Xave Gregorio - Philstar.com
2022 Bar Exams: 3,992 pass second pandemic-era test for lawyers
This photo release shows 2022 Bar examinations takers on November 9, 2022.
Supreme Court Public Information Office, release

MANILA, Philippines (Updated 4:24 p.m.) — A total of 3,992 people passed the 2022 Bar exams out of the 9,183 examinees who finished the four-day test for aspiring lawyers.

This means that last year’s Bar exams — the second one conducted under the shadow of the COVID-19 pandemic — yielded a passing rate of 43.47%.

“The Court celebrates today as it welcomes the fresh zeal and vision that the newest members of the legal profession bring, even as it maintains the buoyant hope that each successful Bar candidate will find the most humane meaning and the noblest purposes behind this success,” Supreme Court Associate Justice Alfredo Caguioa, 2022 Bar exams chairperson, said Friday.

Caguioa continued, “May your new success be but a door that opens to ever meaningful opportunities for you to breathe life to the law in a way that is consistent with its spirit and in a manner that brings hope to the people and all of your country, which would well and truly give this accomplishment what perhaps maybe its highest worth.”

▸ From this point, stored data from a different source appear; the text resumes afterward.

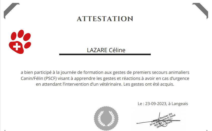 Complément : Formation d'Auxiliaire de Santé Animal Option Zoologie et AFPS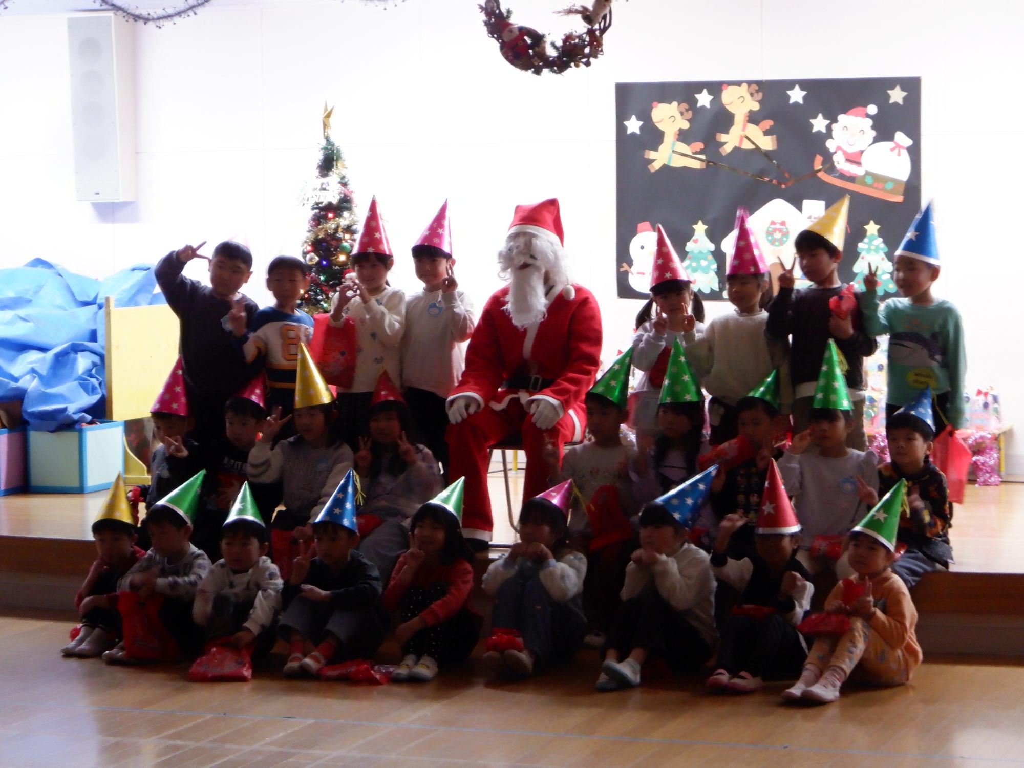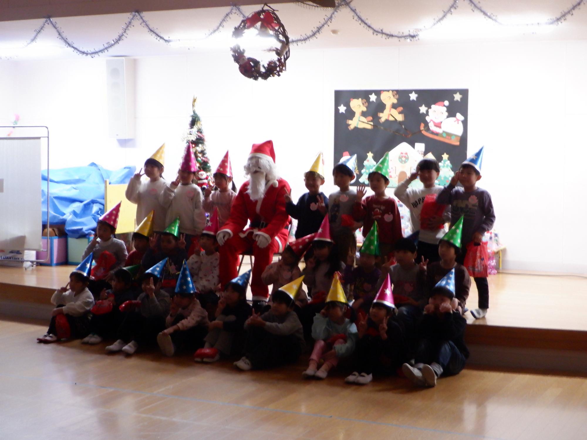 12月19日(金曜日)クリスマス会を行いました。こども園にサンタさんがやってきました。子どもたち一人ひとりにプレゼントを持ってやってきました。子どもたちは、サンタさんからプレゼントをもらい嬉しそうでした。先生方から絵本の読み聞かせ、ブラックシアターでのお話があり楽しんでいました。その後は、みんなでケーキとジュースでひとあし早いクリスマスをしました。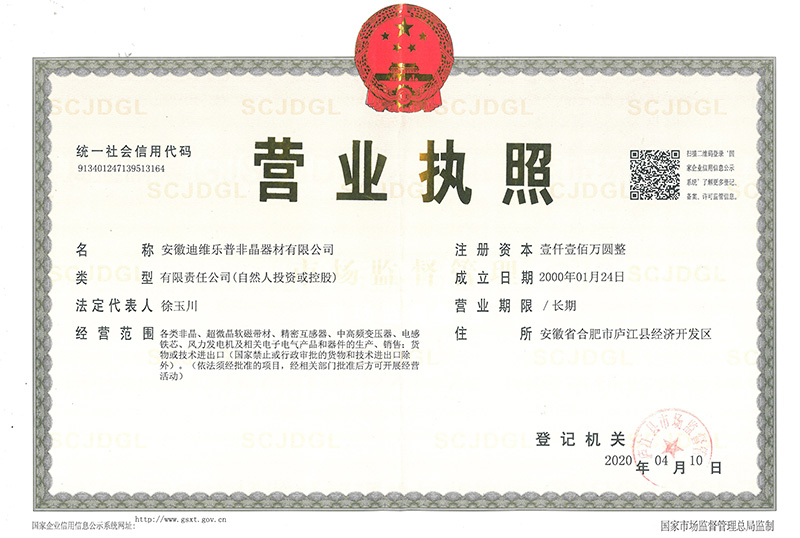 安徽迪維樂普非晶器材有限公司從2013年起至今每年捐贈(zèng)安徽省合肥市廬江縣長(zhǎng)崗中學(xué)和廬江縣水關(guān)中學(xué)助學(xué)金8萬(wàn)元。

The Bar passers will be officially welcomed into the practice of law after they take their oath on May 2 at the Philippine International Convention Center and sign the Roll of Attorneys

The passing rate for the 2022 Bar exams is significantly lower than the 2020/21 test, which yielded a passing rate of 72.28%. Only those who scored an average of 75% above were deemed to have passed last year’s exams.

FULL LIST: 2022 Bar exams passers

The top five examinees all came from the University of the Philippines.

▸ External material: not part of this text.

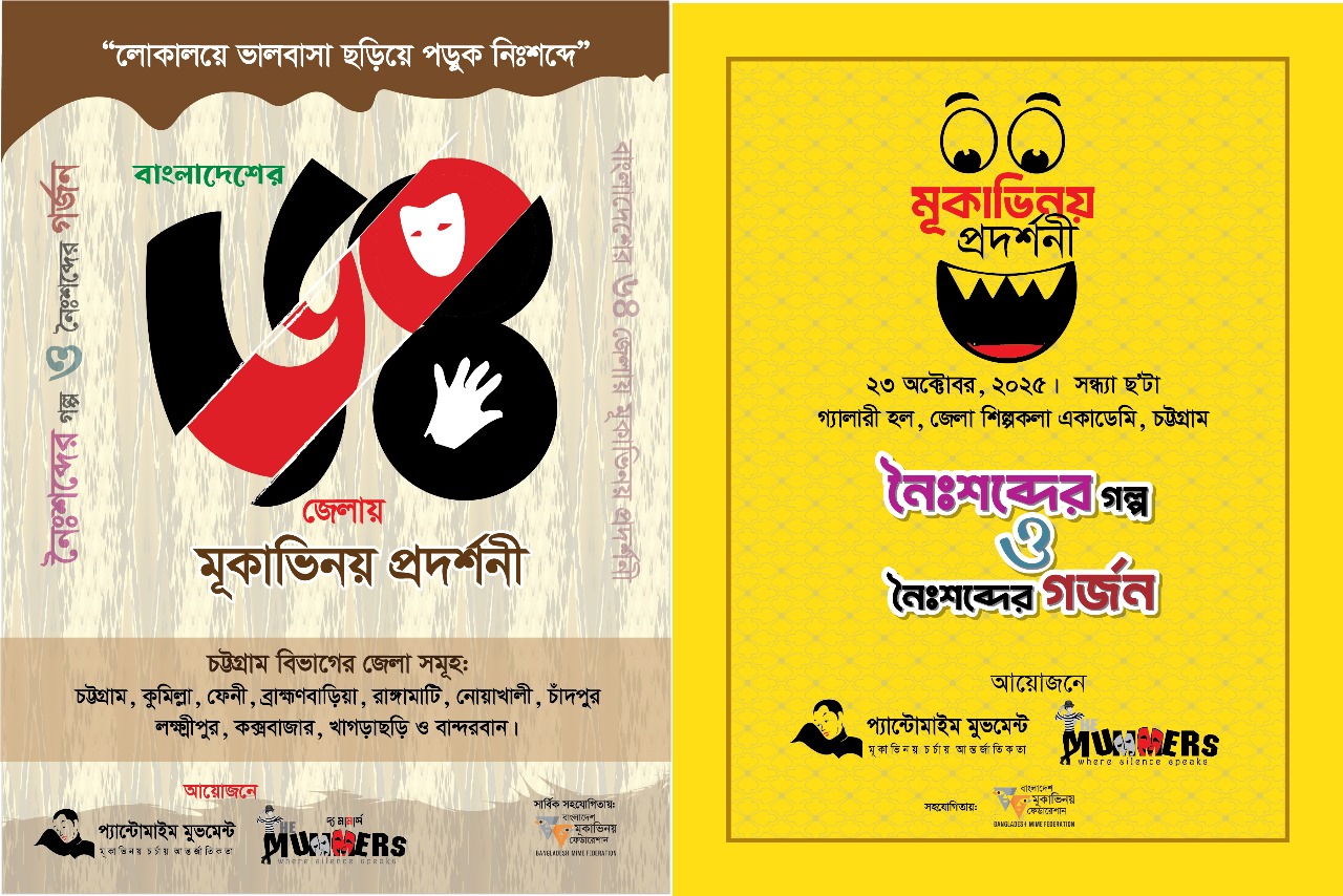 প্যান্টোমাইম মুভমেন্ট ও দ্য মামার্স-এর যৌথ আয়োজনে বাংলাদেশের ৬৪ জেলায় মূকাভিনয় প্রদর্শনীর মহাত্ম্য নিয়ে যাত্রা শুরু করতে যাচ্ছে ‘নৈঃশব্দ্যের গল্প ও নৈঃশব্দ্যের গর্জন’

LIST: Top Bar passers, top law schools

Addressing those who failed the test, Caguioa said the Bar exams can never approximate their worth and encouraged them to keep fighting.

“Allow this setback to be only temporary, but your will to overcome the Bar examinations unchanged. The Bar examinations cannot begin to or will it ever measure the weight of your convictions, the strength of your courage, the depths of your compassion and the height of your dreams,” he said

From the initial Bar exam applicants of 10,006, only 9,183 people were able to finish the second-ever digitized and regionalized exams held over four days in November at 14 testing centers across the country

The slump in the turnout of examinees prompted Bar exams chairperson Associate Justice Alfredo Benjamin Caguioa to tell them not to give up.

This was the second Bar exams to be taken during the pandemic, with the Supreme Court having strongly urged examinees to quarantine for at least two weeks before the test and having required proof of vaccination or a negative COVID-19 test.

The pandemic was not the only hurdle in the way of the Bar exams last year as some social media users called for its postponement following the onslaught of Severe Tropical Storm “Paeng” (Nalgae) that brought heavy rains and landslides across the country.

The test still pushed through, but examinees were allowed to apply for a refund of their fees or for these to be applied to the Bar exams in September 2023.